Classification of Type1 Diabetes: Using Machine Learning Methods
摘要
Diabetes, a persistent metabolic disorder, results in elevated blood sugar levels, contributing to long-term damage to the kidneys, blood vessels, eyes, heart, and nerves. Type 1 Diabetes, formerly insulin dependent or juvenile, results from minimal pancreatic insulin production, necessitating external insulin for management. Most of those affected by diabetes, approximately 422 million people globally according to the World Health Organization (WHO), reside in middle- and low-income countries, resulting in 1.5 million annual diabetes-related deaths. Experts in the medical field are actively researching diabetes prediction for improved accuracy in early detection and management of the condition. The main objective is to compare various classifiers and feature selection methods to enhance prediction accuracy, contributing to more effective diagnosis and treatment approaches in healthcare.
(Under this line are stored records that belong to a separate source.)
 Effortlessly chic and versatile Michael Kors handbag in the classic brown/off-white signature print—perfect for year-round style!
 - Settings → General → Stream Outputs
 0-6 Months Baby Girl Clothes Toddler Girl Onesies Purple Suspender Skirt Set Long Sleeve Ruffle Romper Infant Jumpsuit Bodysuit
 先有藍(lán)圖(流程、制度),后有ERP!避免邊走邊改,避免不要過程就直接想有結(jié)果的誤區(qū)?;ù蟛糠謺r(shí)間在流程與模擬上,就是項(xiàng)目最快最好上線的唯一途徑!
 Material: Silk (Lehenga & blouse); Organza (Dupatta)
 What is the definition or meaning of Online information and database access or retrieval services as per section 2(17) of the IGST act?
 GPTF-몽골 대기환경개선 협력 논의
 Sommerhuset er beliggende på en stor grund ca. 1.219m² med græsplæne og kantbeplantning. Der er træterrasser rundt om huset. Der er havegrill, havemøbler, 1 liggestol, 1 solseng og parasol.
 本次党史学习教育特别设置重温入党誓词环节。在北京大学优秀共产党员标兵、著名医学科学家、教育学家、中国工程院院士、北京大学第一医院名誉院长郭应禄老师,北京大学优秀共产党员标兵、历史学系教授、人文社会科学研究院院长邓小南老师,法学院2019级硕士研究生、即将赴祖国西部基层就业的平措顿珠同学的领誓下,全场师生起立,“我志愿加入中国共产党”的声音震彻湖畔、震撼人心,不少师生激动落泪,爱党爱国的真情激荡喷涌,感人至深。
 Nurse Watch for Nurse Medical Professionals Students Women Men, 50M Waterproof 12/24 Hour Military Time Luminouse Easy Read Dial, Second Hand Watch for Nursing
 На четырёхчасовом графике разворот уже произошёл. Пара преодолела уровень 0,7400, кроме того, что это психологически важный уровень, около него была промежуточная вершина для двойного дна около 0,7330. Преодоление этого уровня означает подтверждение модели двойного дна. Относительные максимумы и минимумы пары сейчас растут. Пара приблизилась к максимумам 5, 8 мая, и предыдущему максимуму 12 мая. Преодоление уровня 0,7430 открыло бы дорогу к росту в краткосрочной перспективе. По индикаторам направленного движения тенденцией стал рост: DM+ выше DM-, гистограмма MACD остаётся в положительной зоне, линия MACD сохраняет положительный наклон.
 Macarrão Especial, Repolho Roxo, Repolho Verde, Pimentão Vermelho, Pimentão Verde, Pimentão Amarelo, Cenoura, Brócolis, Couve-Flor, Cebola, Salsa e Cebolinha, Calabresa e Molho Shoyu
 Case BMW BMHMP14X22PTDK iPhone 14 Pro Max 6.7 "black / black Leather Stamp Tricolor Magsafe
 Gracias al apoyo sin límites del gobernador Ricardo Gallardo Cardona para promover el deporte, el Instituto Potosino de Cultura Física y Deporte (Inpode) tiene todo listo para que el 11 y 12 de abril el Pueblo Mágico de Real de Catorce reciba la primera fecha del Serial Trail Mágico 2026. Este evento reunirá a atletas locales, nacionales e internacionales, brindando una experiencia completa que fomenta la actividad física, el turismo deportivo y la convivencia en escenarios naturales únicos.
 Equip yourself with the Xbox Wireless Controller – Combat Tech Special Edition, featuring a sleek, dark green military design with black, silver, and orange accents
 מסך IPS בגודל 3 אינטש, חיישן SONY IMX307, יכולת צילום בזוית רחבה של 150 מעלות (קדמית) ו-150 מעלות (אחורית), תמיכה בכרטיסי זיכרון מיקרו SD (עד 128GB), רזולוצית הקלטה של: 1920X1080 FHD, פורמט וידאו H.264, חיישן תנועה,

The study evaluated Cubic KNN, Linear SVM, Subspace Discriminant Ensemble (SDE), and Kernel Naïve Bayes classifiers, applying PCA feature selection technique to enhance early detection of diabetes, offering valuable insights for improving predictive accuracy in healthcare. In the study, raw data underwent preprocessing and the PIMA Indians diabetes dataset was utilized for experiments. Results showed that the accuracy achieved for Cubic KNN was 86.7%, for Liner SVM 85.9%, for Subspace Discriminant Ensemble, and for Kernel Naïve Bayes 85.3%, indicating Cubic KNN as the most accurate classifier.